Oracle Cloud Infrastructure Data Catalog – July 2021 Update

A new version of the Oracle Cloud Infrastructure (OCI) Data Catalog is now out! With this release, Oracle expedites data cataloging by introducing automation into data assets discovery and creation for technical metadata harvesting. The latest release also simplifies metadata enrichment via bulk upload features for data providers to readily populate rich technical metadata and business context on their catalogs. Similarly, data consumers can now instantly extract value from the prepared catalogs and locate assets within the enterprise.

What is Oracle Cloud Infrastructure Data Catalog?

OCI Data Catalog is a cloud-native, big data service used to explore, arrange, enrich, and trace an enterprise’s technical/business data assets. For both, data analysts and business analysts, the core value of a data catalog can only be derived by quickly finding useful business data – which is precisely what the OCI Data Catalog is designed for, i.e., facilitate advanced data cataloging.

The latest capabilities on the OCI Data Catalog

  1. Automated Data Source Discovery

OCI Data Catalog extends comprehensive visibility of data in an enterprise by integrating technical and business metadata. Given the volume, variety, and velocity of data and data sources available within the enterprises, manual asset scavenging, and creation can be awfully time-consuming. Besides, there is always a chance to overlook something valuable or make an error in creating data assets. What else other than a machine—in this case, automation—could permanently curb human error in data cataloging and metadata harvesting?
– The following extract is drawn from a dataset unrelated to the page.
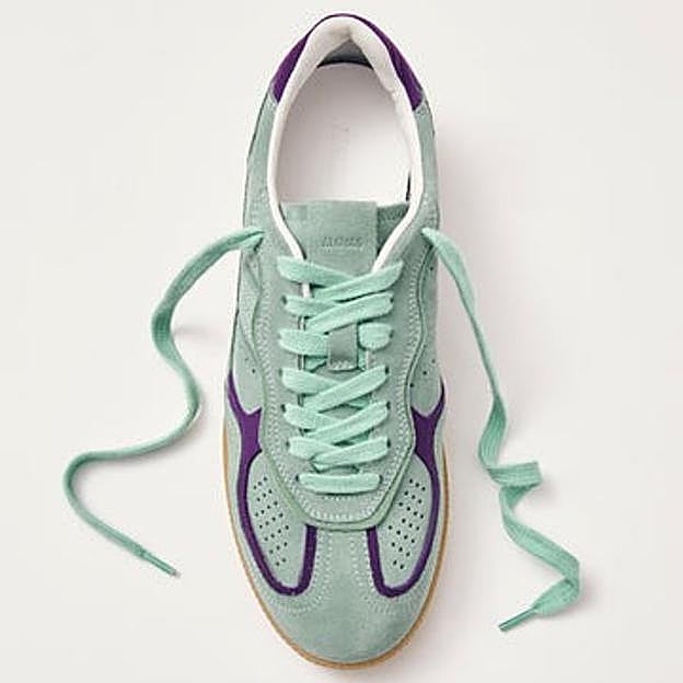 La zapatilla Tb.490, disponible en los colores vibrantes, está hecha de gamuza verde azulada con detalles en contraste en violeta. Diseñada con una silueta de caña baja sobre suelas de goma, se completa con características clásicas, como costuras expuestas y sellos de logotipo. Precio: 160 euros.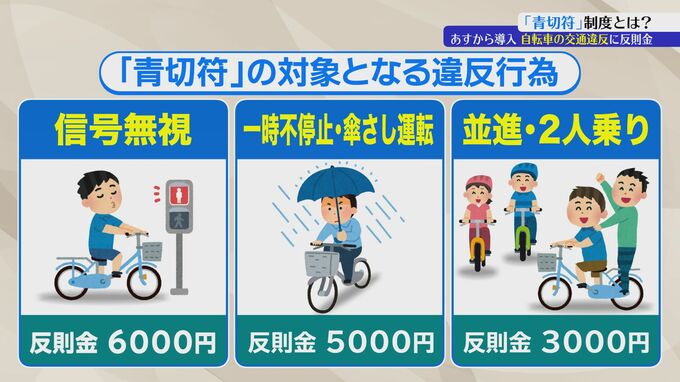 4月から導入 自転車の交通違反に対して反則金を科す「青切符」制度 どんな行為が違反?最も反則金が高いのは? 岩手 IBC岩手放送 2026年3月31日(火) 16:57 国内 いわゆる「青切符」制度と呼ばれ、高校生を含む16歳以上が対象で、113の違反行為に対して、3000円から1万2000円の反則金が定められています。 一部の違反行為・反則金は、信号無視が6000円、一時不停止・傘さし運転が5000円、並進・2人乗りが3000円などとなっています。

With the new release, OCI Data Catalog now affords systems to automatedly locate data sources accessible in the tenancy. Just select the region/compartments and the rest of the part is auto completed by the system. Enterprises can explore Autonomous Data Warehouse databases (AWD), Autonomous Transaction Processing databases (ATP), Oracle databases, Object Storage buckets, and so forth. The system also fetches the configurations for making the data assets creation and corresponding connections more readily performable. Simply input the remaining information such as the user credentials and start harvesting.

  1. Catalyzing Metadata Enrichment

Existing users of the Oracle Cloud Infrastructure Data Catalog are familiar with ‘custom properties’ that afford them to define their own attributes for unique metadata enrichment requirements. The capability assists users to annotate the system metadata post-harvesting in the OCI Data Catalog.

For instance, users can specify business descriptions, revise frequency, and data proprietor to offer a method for data scientists to add business contexts to technical metadata outside simple tagging/linking glossary items. Upon the introduction of the rich information for varied data sets/fields, it assists with exploration, classification, and in making sense of the data. The data providers also get a systematic method for conveying information in OCI Data Catalog to avoid inviting queries from the data consumers later.

However, populating custom attribute values individually for every object can be a struggle. With the latest upgrade, users can do bulk population in easy-to-use MS Excel format, catalyzing the enrichment process. It also extends a simpler review of the content.

The procedure is seamless. Firstly, harvest the necessary technical metadata and build the custom attributes. Followed by exporting the technical objects as well as the associated custom properties into an Excel sheet. Now, utilize the sheet to include and update the values for concerned properties, and finally import them back into the OCI Data Catalog.

Note: As of now, this feature is only available for data assets built leveraging a relational database, like the Autonomous Database, Oracle Database, MySQL, and Microsoft SQL Server. Users may readily import/export custom property values at the data entity levels and schema.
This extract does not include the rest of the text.